Exercise directions:
Give back exactly the stretch of data below from the line holding "Woman with basketball" through the line holding "Coastal town skyline", both ends included, and leave the remaining lines out.

Given data:
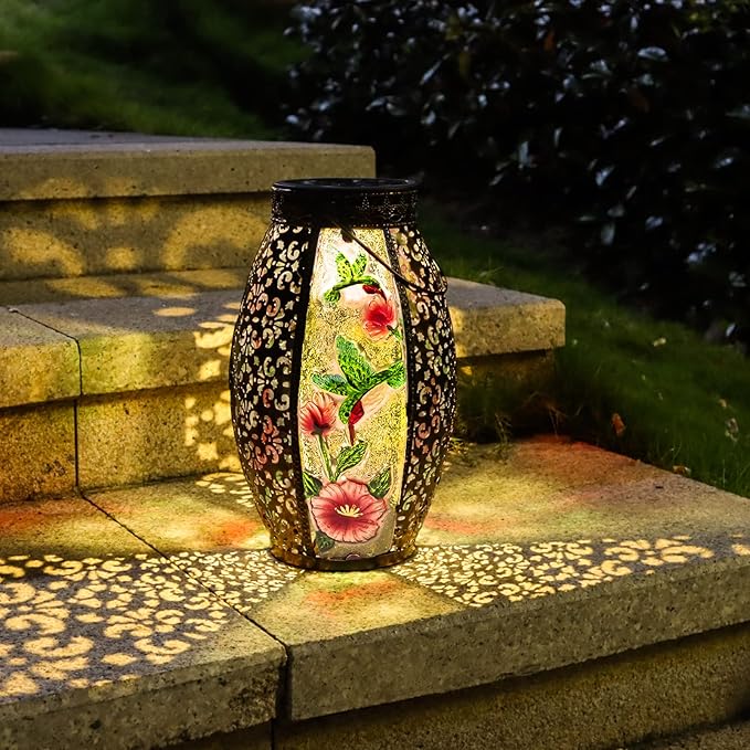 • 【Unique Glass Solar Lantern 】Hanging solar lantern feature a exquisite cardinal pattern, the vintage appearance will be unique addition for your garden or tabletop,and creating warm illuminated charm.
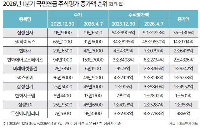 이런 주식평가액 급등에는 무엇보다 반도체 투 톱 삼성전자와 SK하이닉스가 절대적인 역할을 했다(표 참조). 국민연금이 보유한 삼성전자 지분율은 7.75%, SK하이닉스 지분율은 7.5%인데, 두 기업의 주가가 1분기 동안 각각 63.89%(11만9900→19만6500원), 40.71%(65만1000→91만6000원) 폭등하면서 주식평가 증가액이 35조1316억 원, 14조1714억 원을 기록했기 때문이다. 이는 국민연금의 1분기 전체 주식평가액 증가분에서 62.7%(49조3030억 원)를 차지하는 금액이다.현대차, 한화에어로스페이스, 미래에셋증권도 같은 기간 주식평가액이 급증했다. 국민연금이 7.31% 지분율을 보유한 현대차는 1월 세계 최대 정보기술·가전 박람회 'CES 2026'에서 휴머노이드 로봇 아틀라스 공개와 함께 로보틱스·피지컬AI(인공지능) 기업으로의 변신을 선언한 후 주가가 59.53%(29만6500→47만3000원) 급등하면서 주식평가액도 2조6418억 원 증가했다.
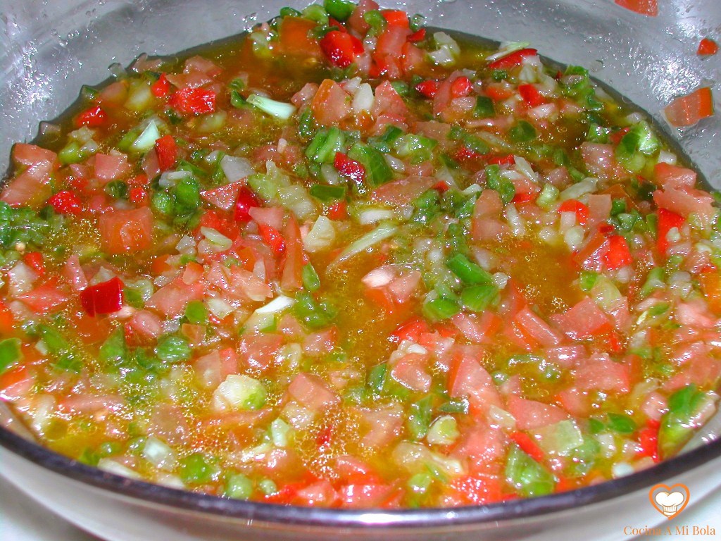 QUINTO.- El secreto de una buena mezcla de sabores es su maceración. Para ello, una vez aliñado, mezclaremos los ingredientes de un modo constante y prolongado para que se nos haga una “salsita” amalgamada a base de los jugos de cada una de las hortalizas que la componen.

---

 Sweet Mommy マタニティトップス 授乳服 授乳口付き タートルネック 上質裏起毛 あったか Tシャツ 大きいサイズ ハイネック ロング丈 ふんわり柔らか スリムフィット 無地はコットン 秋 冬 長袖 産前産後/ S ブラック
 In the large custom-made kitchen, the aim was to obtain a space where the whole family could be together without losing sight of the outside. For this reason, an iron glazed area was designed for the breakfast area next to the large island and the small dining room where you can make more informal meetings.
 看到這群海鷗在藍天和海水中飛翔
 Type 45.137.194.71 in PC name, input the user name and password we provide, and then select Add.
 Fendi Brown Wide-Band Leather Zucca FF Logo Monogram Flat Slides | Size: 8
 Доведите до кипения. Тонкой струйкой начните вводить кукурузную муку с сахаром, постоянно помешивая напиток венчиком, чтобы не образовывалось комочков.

==

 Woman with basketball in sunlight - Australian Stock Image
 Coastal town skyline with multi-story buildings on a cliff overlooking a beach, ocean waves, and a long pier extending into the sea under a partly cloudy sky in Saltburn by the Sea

Solution for this task:
 Woman with basketball in sunlight - Australian Stock Image
 Coastal town skyline with multi-story buildings on a cliff overlooking a beach, ocean waves, and a long pier extending into the sea under a partly cloudy sky in Saltburn by the Sea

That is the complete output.